A Jan. 22 report showed the trimmed mean measure of core prices rose 2.6 percent in the final three months of 2013 from a year earlier, above the middle of the central bank’s 2 percent to 3 percent target range. Data tomorrow will probably show retail sales grew 0.5 percent in December, in a sixth straight month of gains, according to the median forecast in a Bloomberg survey.
Commonwealth Bank of Australia and Macquarie Group Ltd. are among lenders predicting the central bank’s statement on monetary policy due Feb. 7 will contain an upward revision to inflation forecasts.
“On present indications, the most prudent course is likely to be a period of stability in interest rates,” Stevens said in a statement accompanying yesterday’s decision. “The exchange rate has declined further, which, if sustained, will assist in achieving balanced growth in the economy.”
He had said after the Nov. 5 policy decision that the Aussie was “uncomfortably high.” He repeated that language after the Dec. 3 central bank meeting, even after the currency had dropped by more than 4 percent in the intervening month. On Nov. 21, the RBA chief sent the currency skidding when he said policy makers won’t “always eschew” currency sales. Stevens cited 85 cents as his preferred level in an Australian Financial Review interview published Dec. 13.
“The RBA is both neutral on rates at the moment and neutral on the currency,” said David Forrester, a senior vice president for Group of 10 foreign-exchange strategy at Macquarie in Singapore. “Unlike last year, when we had both the RBA and the Fed driving the Aussie lower, this year it’s probably only going to be the Fed, so it’s going to be a tougher drive lower.”
Investors should consider selling the Aussie if it climbs toward its 50-day moving average near 89.30 U.S. cents, he said.
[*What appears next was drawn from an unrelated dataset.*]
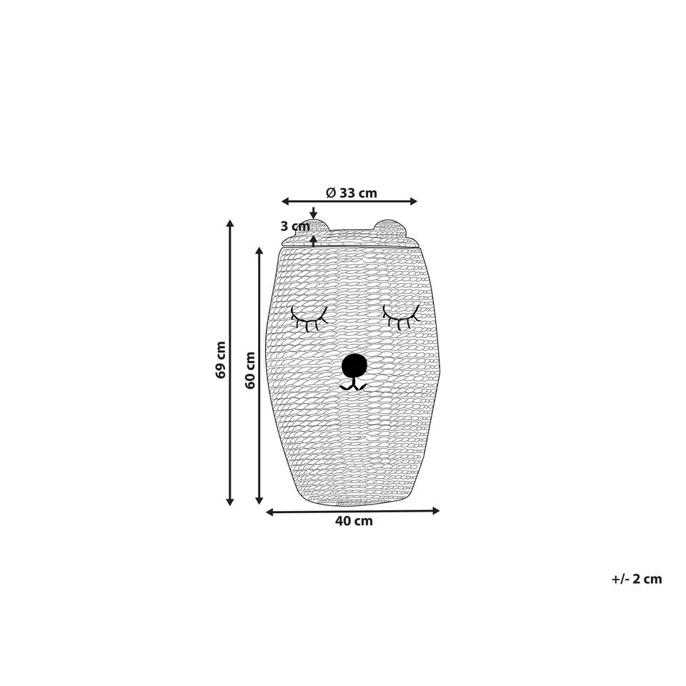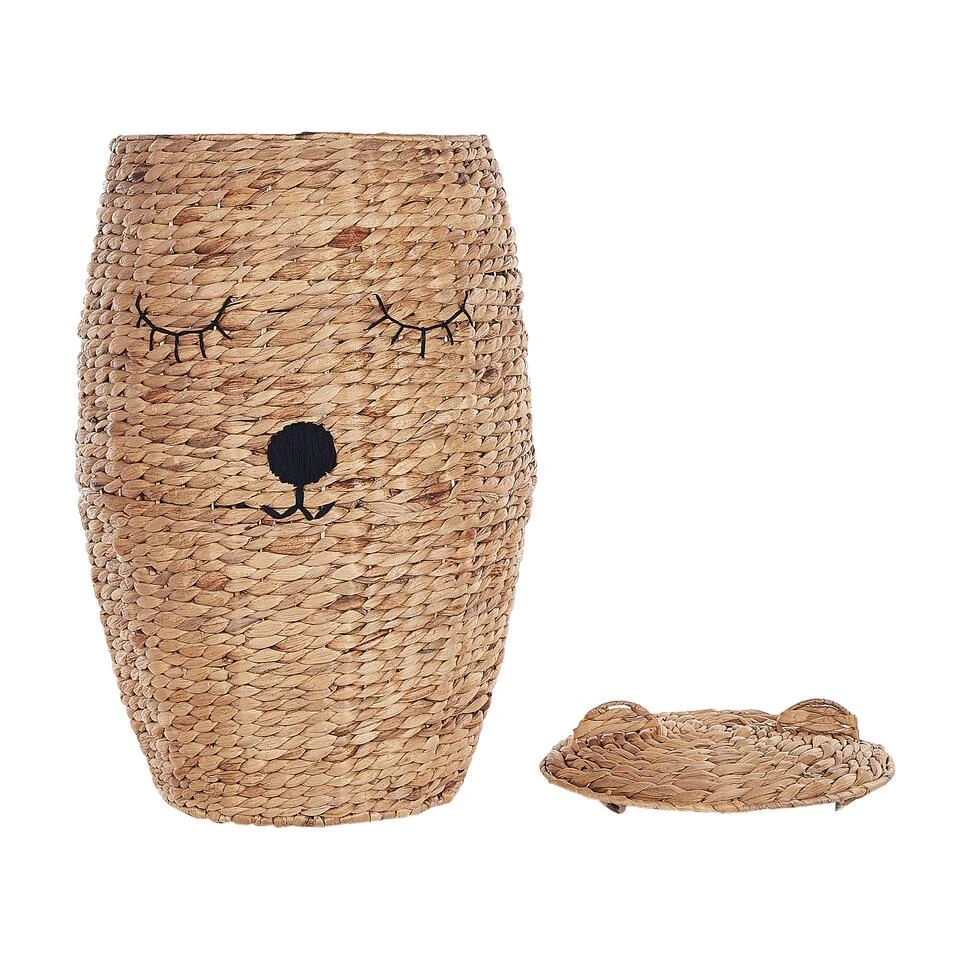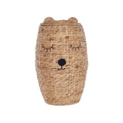 Geweven Speelgoedmand. Deze schattige rieten mand past in elke kinderkamer. Met details van berengezichtjes en een deksel met oren is hij zowel charmant als functioneel. Hij is ideaal om speelgoed in op te bergen of als wasmand en maakt het schoonmaken en organiseren van spullen leuk.

The odds of a further rate cut at the July meeting declined to 18 percent, from 23 percent at the end of last month, according to data compiled by Bloomberg. The difference between yields on two-year bonds and 10-year debt narrowed to 128 basis points yesterday, the least since July.
Gains in the Aussie may be capped as the nation contends with the end of a boom in resources investment. While the central bank omitted reference to discomfort with the currency, it remains concerned the economy will struggle during the transition from mining-led growth, according to Joseph Capurso, a Sydney-based strategist at CBA, the nation’s biggest lender.
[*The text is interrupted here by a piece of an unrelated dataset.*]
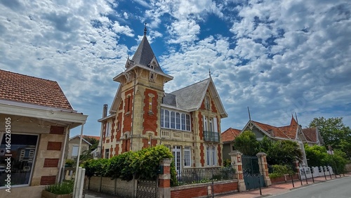 Naklejka premium One of charmante villas in the picturesque resort town Soulac-sur-Mer on the Atlantic, France. Against the background of a blue sky with white clouds.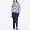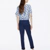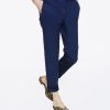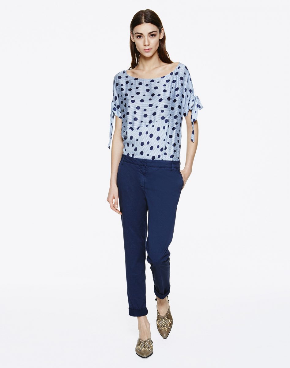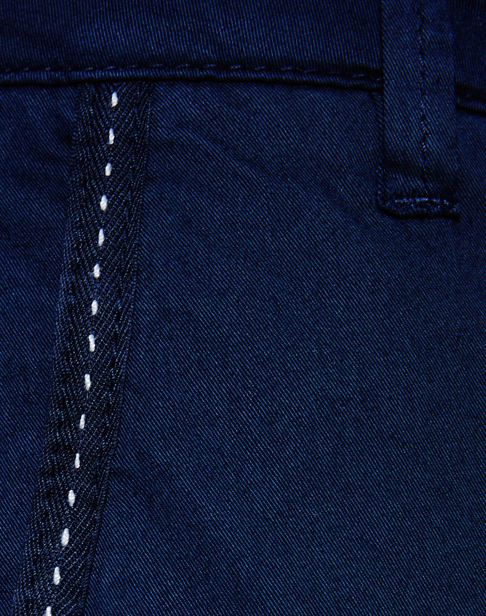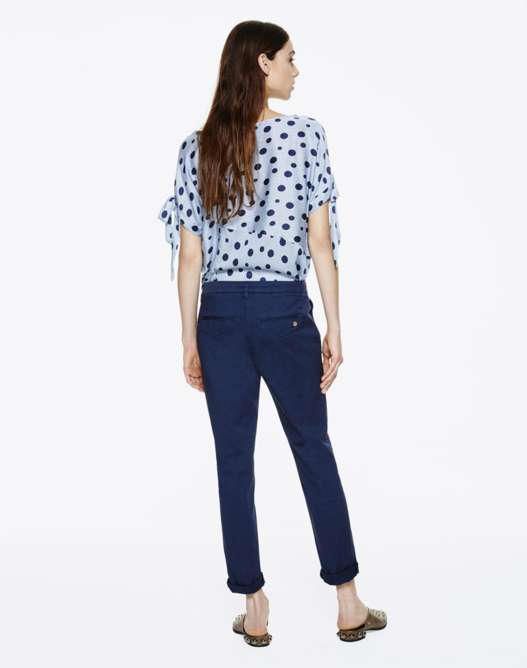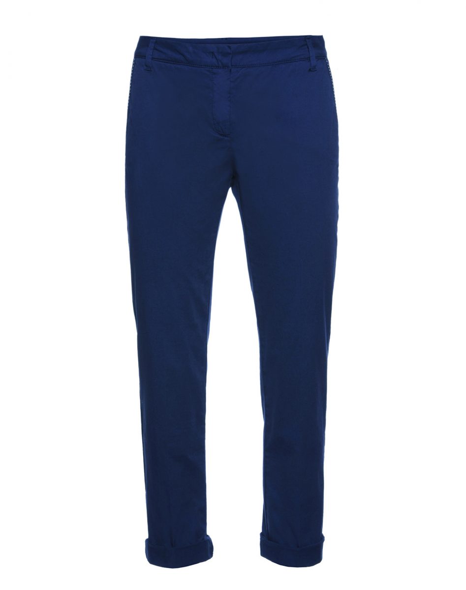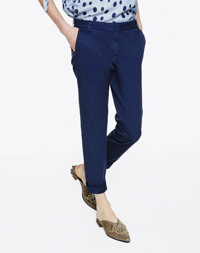Pantalon chino, taille haute. Fermeture éclair et crochet. Ce pantalon se caractérise par un ruban appliqué sur le bord des poches latérales. Le modèle mesure 175 cm et porte une taille 40 italienne.

“The RBA is not yet confident the economy will rebalance and is worried about non-mining business investment in particular,” Capurso said. “In the current environment of emerging-market concerns, we recommend selling the Aussie on rallies above 89.23 U.S. cents.”
The Aussie fell for a third-straight month in January, reaching a 3 1/2-year low of 86.60 cents on Jan. 24, as the Fed decided to press on with a reduction in bond purchases that have buoyed higher-yielding assets globally. About $3 trillion has been wiped from global equities this year amid reports of slowing manufacturing growth in the U.S. and China and unrest in emerging markets from Thailand to Ukraine.
Analysts see the Aussie falling to 85 cents by year-end, down from a median forecast of 88 cents as recently as Jan. 1. There’s a 71 percent chance the currency will reach that level in the fourth quarter, up from 69 percent odds a month ago, according to options data compiled by Bloomberg.
The RBA is at least as concerned to communicate with households as it is with traders and doesn’t want to suggest to the first group that further cuts in borrowing costs are possible, according to Macquarie’s Forrester.
“Their first focus is to manage the economy and they’re trading that off against communicating to the markets that they could be done on rates and that’s giving the Aussie a pop,” he said.